RenovaCare, Inc. announced that its investigational device exemption (IDE) application has been granted full approval by the U.S. Food and Drug Administration (FDA). This approval enables the company to conduct a clinical trial to evaluate the safety and feasibility of its SkinGun and CellMist System for the treatment of burn wounds using skin cells obtained directly from the burn patient. The clinical trial protocol is an open-label, single-arm clinical study that will enroll 14 adult burn subjects with partial-thickness second degree thermal burn wounds.

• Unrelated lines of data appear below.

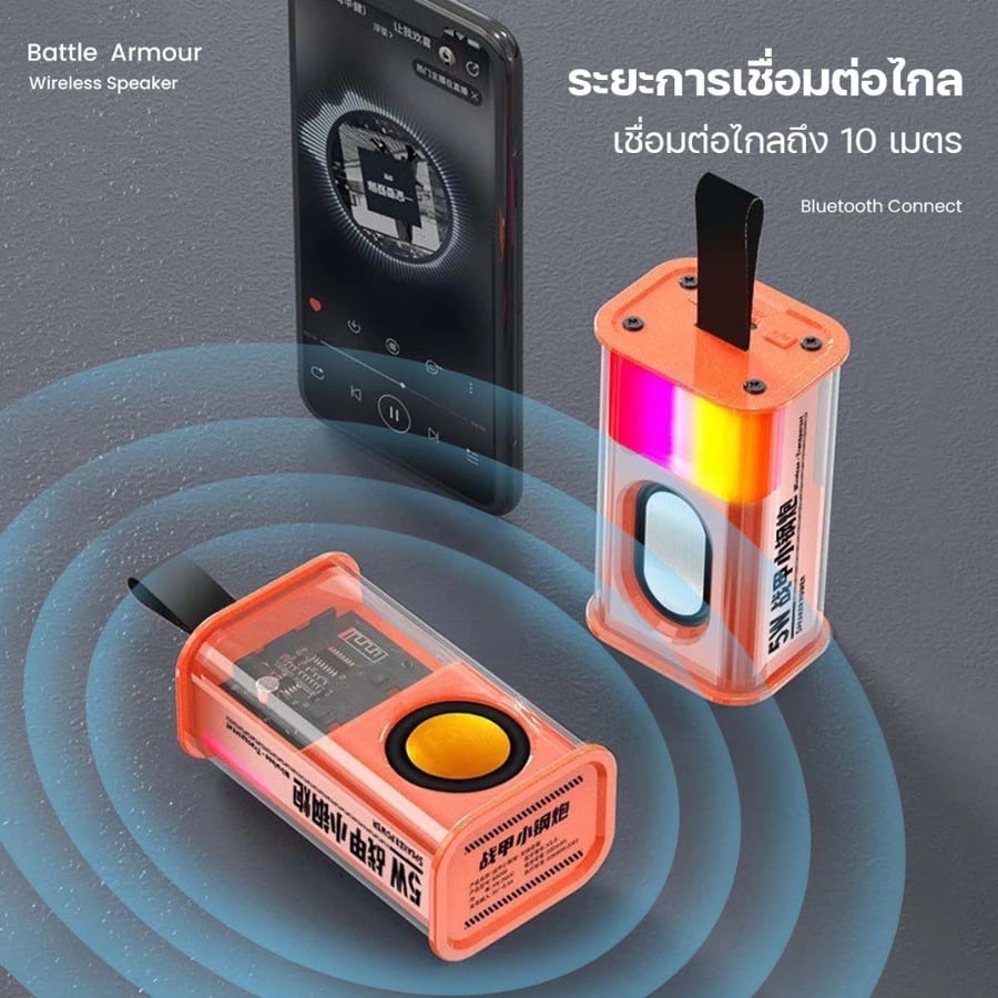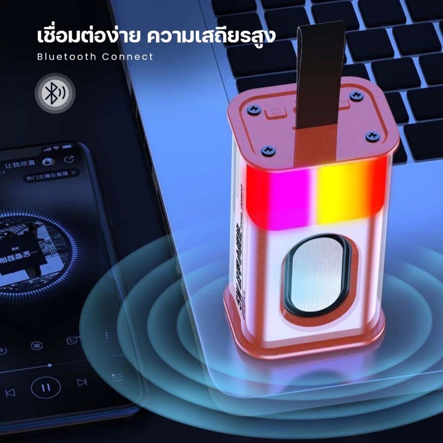 ลำโพงบลูทูธ ขนาดกระทัดรัด พกพาง่าย มีไฟ RGB ปรับโหมดได้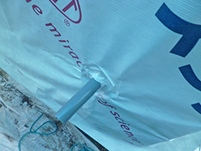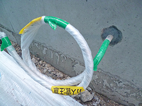 外壁や基礎を貫通する配管の周りの施工を確認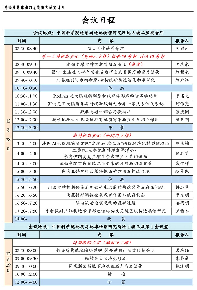 【12.28--12.29】特提斯地球动力系统重大研究计划2019年学术交流会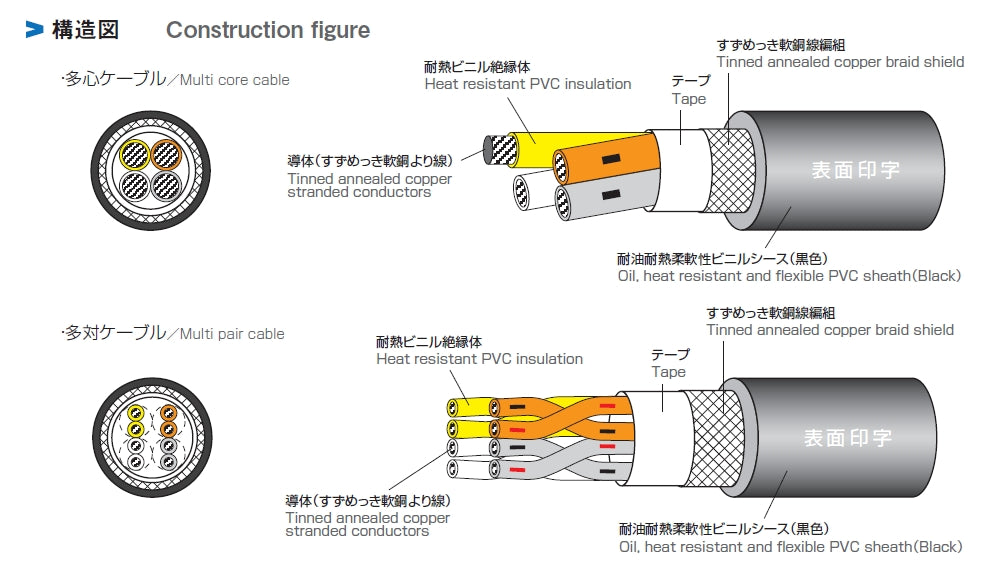 - Shielded Electric equipment cable with UL and cUL at 300V,80℃.

The company expects to conduct the clinical study at four U.S. burn centers over twelve months. Spraying Cells onto Burns and Wounds: to date, over 70 patients with various types of burns have been treated in investigator initiated clinical case studies utilizing the technology underlying the company's SkinGun and CellMist System, which the company has developed as a potential alternative to skin grafting and other treatment options, such as in vitro cultured skin epithelial cells that require a specialized and expensive external laboratory. Clinical outcomes of these early experimental studies have been peer-reviewed and published in several medical journals, including Burns and Annals of Plastic Surgery.
In late 2019, the company was issued a patent allowing the company's novel SkinGun spray device to spray a variety of tissues and cells, thus opening the door for its potential application in the regeneration of other tissues, beyond skin.